**Your objective:**
Below are records with pictures; copy word for word only the lines between the line with "Although Spero Family" and the line with "Mini borsa Maison", inclusive, and drop the pictures.

**Records for this exercise:**
*****
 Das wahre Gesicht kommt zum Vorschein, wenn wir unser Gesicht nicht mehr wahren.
*****
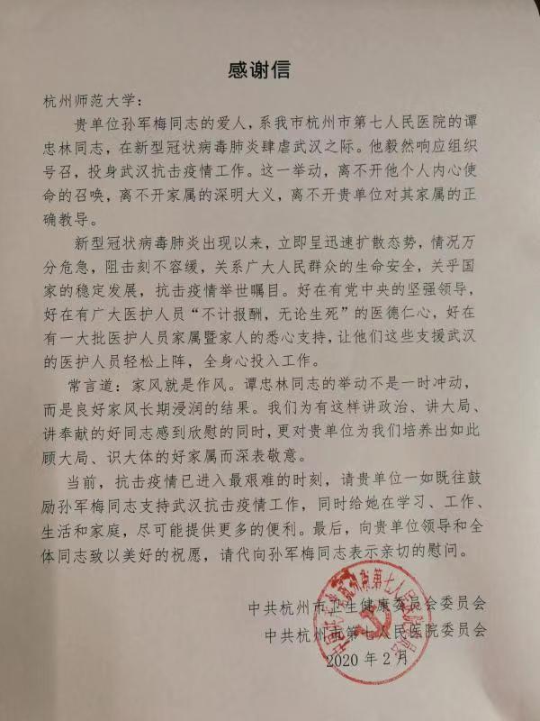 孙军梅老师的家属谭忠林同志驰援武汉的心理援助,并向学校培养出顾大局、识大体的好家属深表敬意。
*****
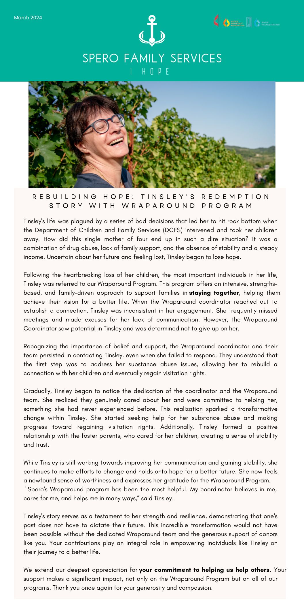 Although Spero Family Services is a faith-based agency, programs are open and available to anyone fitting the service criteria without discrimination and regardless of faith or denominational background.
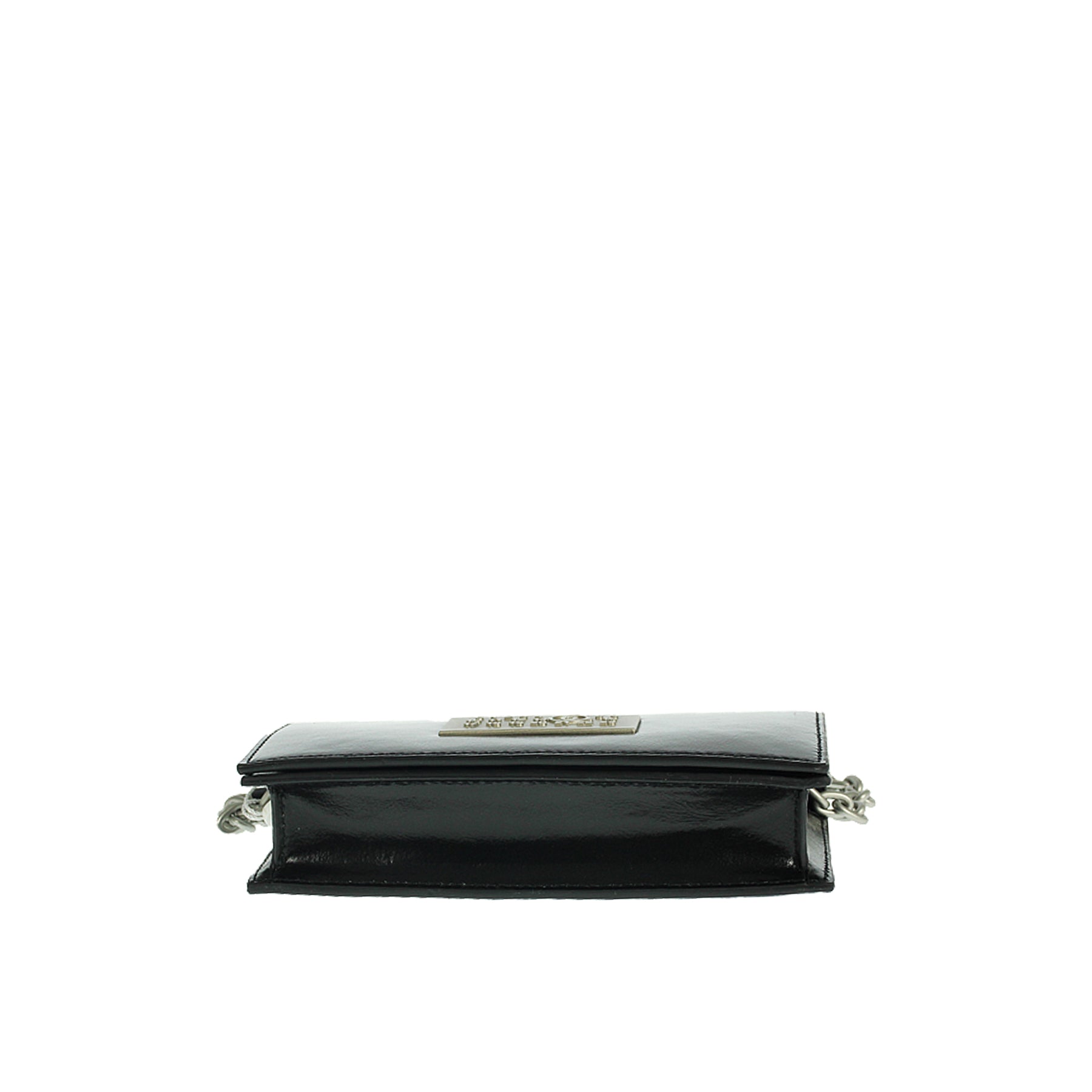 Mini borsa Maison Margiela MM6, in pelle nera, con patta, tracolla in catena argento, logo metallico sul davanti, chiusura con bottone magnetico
*****
**Written response:**
 Although Spero Family Services is a faith-based agency, programs are open and available to anyone fitting the service criteria without discrimination and regardless of faith or denominational background.
 Mini borsa Maison Margiela MM6, in pelle nera, con patta, tracolla in catena argento, logo metallico sul davanti, chiusura con bottone magnetico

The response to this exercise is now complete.